■ ABOUT THIS TASK:
Set down exactly, from the records below, the line with "Myanmar Peridot 0,959ct" through the line with "После введения в", and nothing else.

■ SUPPLIED MATERIAL:
---+---

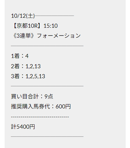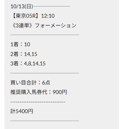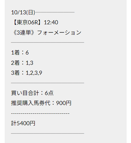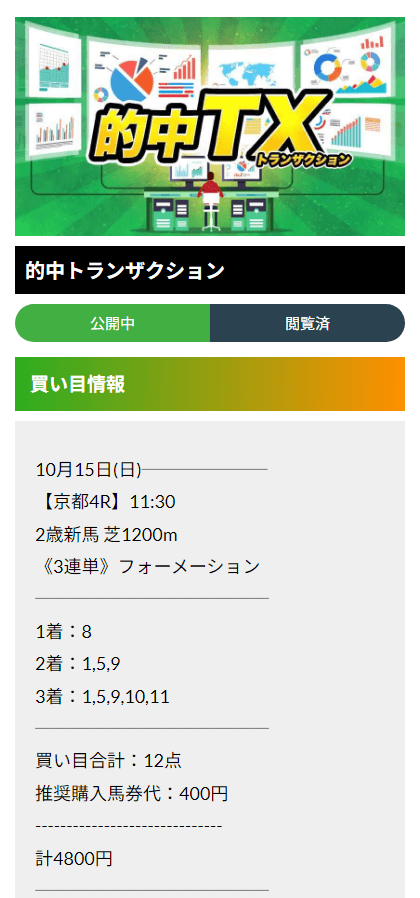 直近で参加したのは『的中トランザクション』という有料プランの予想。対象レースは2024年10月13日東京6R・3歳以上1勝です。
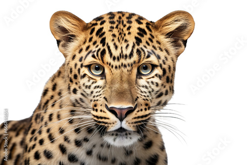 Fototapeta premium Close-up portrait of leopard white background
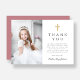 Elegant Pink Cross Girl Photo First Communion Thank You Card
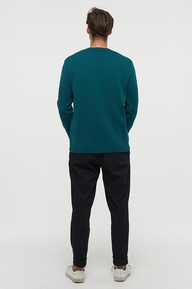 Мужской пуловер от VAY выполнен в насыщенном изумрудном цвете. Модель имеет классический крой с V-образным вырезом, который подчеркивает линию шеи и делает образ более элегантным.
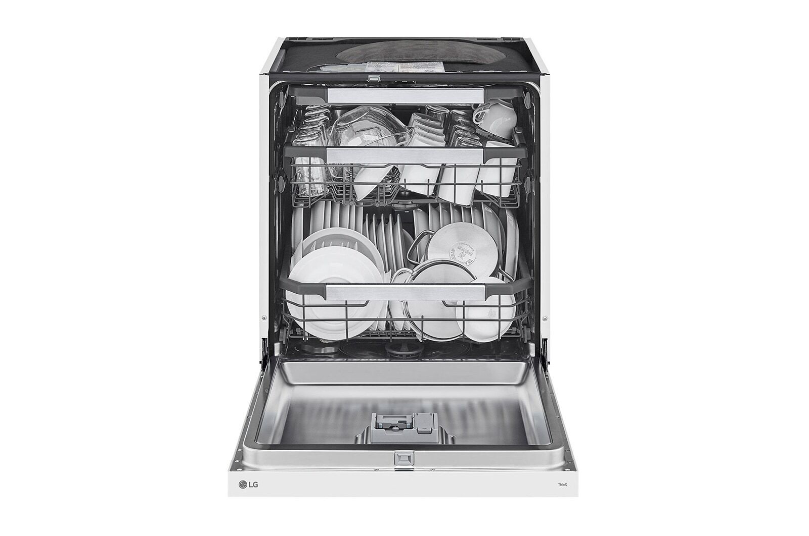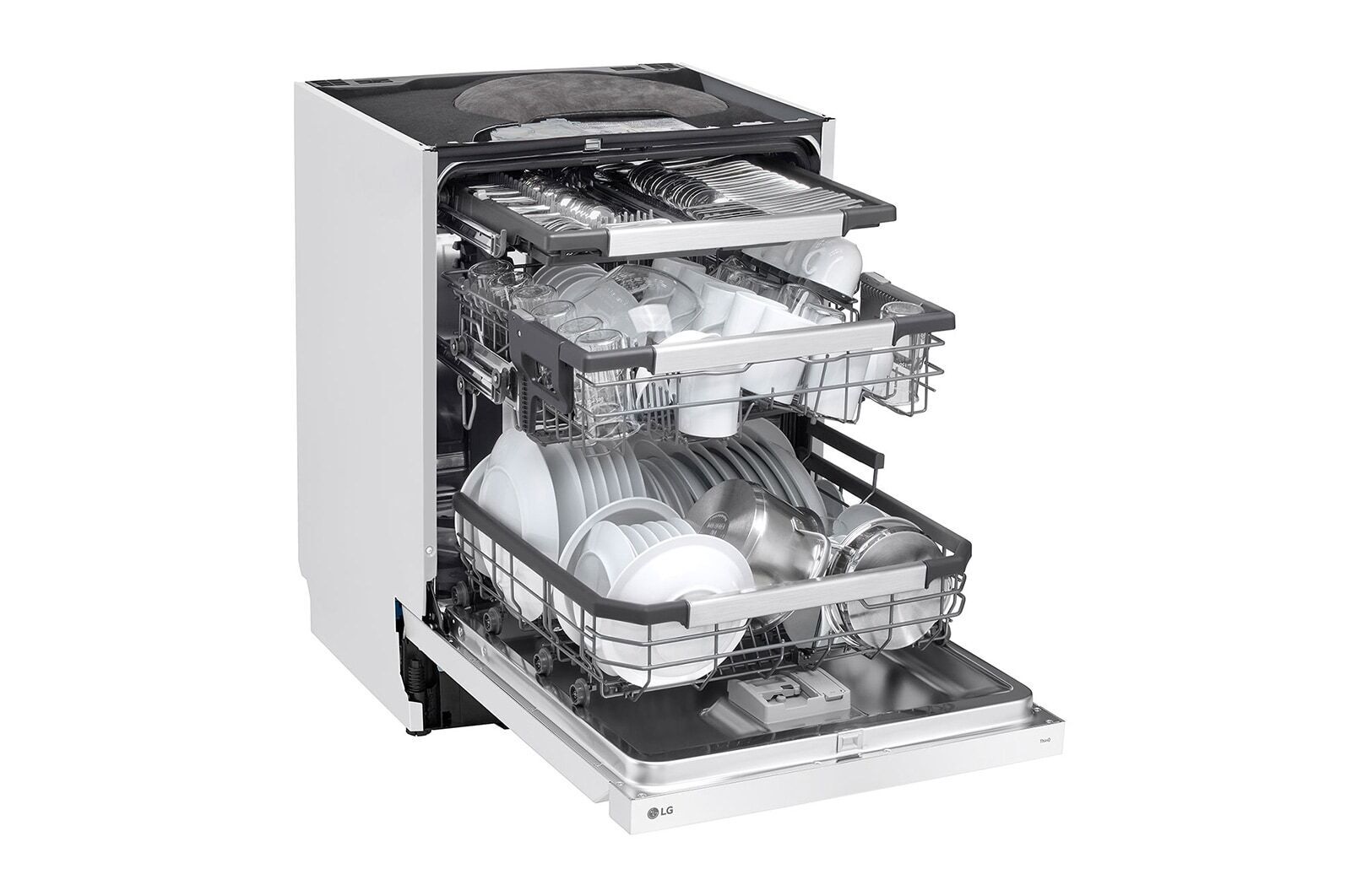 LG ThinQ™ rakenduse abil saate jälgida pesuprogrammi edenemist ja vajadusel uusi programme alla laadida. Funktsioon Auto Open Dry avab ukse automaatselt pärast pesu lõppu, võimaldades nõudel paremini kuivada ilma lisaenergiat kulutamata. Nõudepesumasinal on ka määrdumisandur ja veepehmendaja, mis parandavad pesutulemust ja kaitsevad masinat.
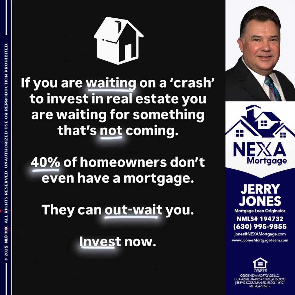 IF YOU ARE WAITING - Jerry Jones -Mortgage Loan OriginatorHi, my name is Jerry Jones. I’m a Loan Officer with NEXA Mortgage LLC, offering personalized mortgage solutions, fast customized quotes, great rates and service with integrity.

---+---

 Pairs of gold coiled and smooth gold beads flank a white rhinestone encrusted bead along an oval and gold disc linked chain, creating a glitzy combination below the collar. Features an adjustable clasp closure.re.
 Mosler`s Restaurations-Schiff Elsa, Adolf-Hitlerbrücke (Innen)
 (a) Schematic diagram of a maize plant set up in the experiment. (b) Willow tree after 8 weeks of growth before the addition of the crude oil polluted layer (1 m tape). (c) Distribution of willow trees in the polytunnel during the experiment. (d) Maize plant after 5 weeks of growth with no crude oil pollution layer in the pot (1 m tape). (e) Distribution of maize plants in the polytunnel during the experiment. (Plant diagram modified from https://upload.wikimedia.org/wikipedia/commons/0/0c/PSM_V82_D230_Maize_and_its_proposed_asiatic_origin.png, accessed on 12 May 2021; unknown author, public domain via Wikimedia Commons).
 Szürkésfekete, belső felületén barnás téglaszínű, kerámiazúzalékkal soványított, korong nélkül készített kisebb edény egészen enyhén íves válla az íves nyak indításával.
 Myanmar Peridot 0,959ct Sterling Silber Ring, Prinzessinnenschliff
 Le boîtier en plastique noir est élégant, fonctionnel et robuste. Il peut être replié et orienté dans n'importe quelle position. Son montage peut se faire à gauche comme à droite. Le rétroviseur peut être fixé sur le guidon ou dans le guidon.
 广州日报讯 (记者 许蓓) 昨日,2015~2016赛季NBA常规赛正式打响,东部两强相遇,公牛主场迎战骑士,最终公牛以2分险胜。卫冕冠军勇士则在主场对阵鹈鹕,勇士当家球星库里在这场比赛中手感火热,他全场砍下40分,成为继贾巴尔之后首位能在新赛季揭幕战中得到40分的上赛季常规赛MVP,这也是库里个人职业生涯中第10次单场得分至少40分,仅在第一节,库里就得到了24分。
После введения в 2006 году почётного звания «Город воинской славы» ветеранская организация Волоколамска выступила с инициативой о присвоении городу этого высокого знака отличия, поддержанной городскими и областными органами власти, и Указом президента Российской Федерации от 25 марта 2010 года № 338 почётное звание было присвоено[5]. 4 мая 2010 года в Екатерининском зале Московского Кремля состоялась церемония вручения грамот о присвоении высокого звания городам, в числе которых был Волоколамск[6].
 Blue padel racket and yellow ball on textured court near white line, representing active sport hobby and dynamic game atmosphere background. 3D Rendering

---+---

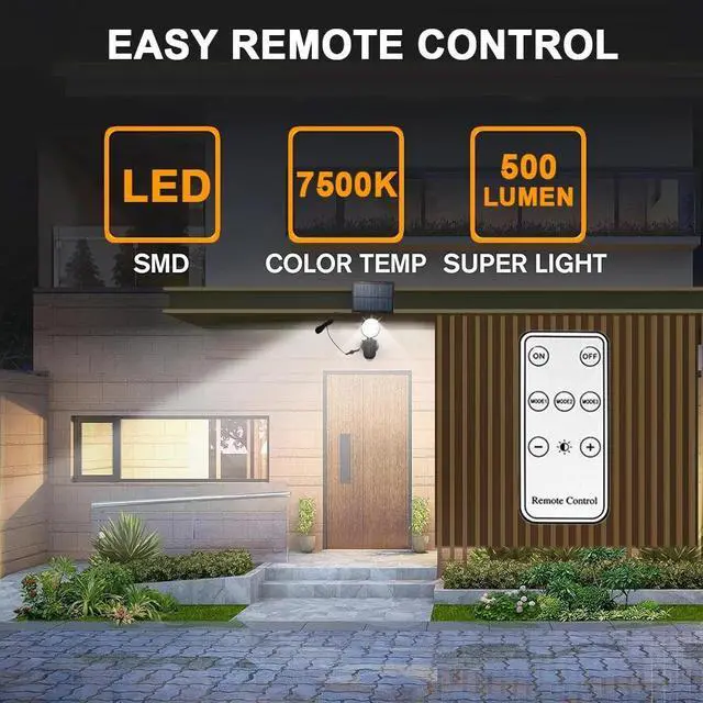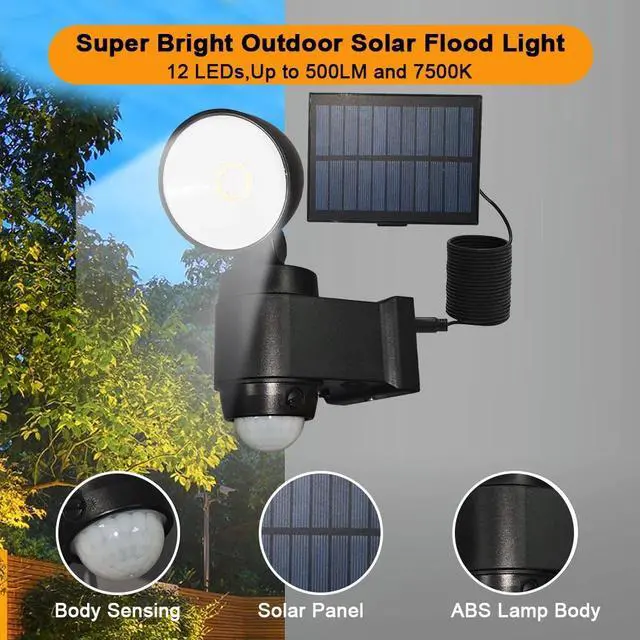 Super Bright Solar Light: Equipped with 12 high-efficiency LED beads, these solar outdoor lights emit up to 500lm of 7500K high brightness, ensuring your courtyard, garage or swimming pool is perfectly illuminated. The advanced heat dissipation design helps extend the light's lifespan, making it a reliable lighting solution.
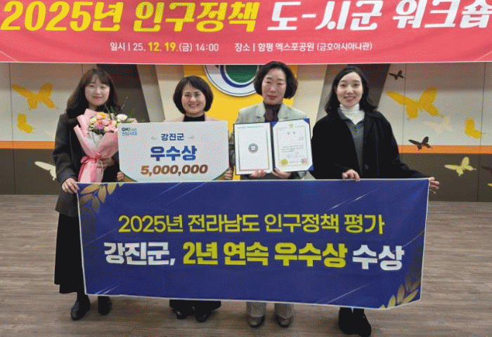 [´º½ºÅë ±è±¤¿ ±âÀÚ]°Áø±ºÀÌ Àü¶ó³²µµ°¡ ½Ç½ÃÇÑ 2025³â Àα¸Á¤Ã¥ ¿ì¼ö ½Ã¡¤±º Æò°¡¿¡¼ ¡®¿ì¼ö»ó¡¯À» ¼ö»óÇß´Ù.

---+---

■ PROBLEM SOLUTION:
 Myanmar Peridot 0,959ct Sterling Silber Ring, Prinzessinnenschliff
 Le boîtier en plastique noir est élégant, fonctionnel et robuste. Il peut être replié et orienté dans n'importe quelle position. Son montage peut se faire à gauche comme à droite. Le rétroviseur peut être fixé sur le guidon ou dans le guidon.
 广州日报讯 (记者 许蓓) 昨日,2015~2016赛季NBA常规赛正式打响,东部两强相遇,公牛主场迎战骑士,最终公牛以2分险胜。卫冕冠军勇士则在主场对阵鹈鹕,勇士当家球星库里在这场比赛中手感火热,他全场砍下40分,成为继贾巴尔之后首位能在新赛季揭幕战中得到40分的上赛季常规赛MVP,这也是库里个人职业生涯中第10次单场得分至少40分,仅在第一节,库里就得到了24分。
После введения в 2006 году почётного звания «Город воинской славы» ветеранская организация Волоколамска выступила с инициативой о присвоении городу этого высокого знака отличия, поддержанной городскими и областными органами власти, и Указом президента Российской Федерации от 25 марта 2010 года № 338 почётное звание было присвоено[5]. 4 мая 2010 года в Екатерининском зале Московского Кремля состоялась церемония вручения грамот о присвоении высокого звания городам, в числе которых был Волоколамск[6].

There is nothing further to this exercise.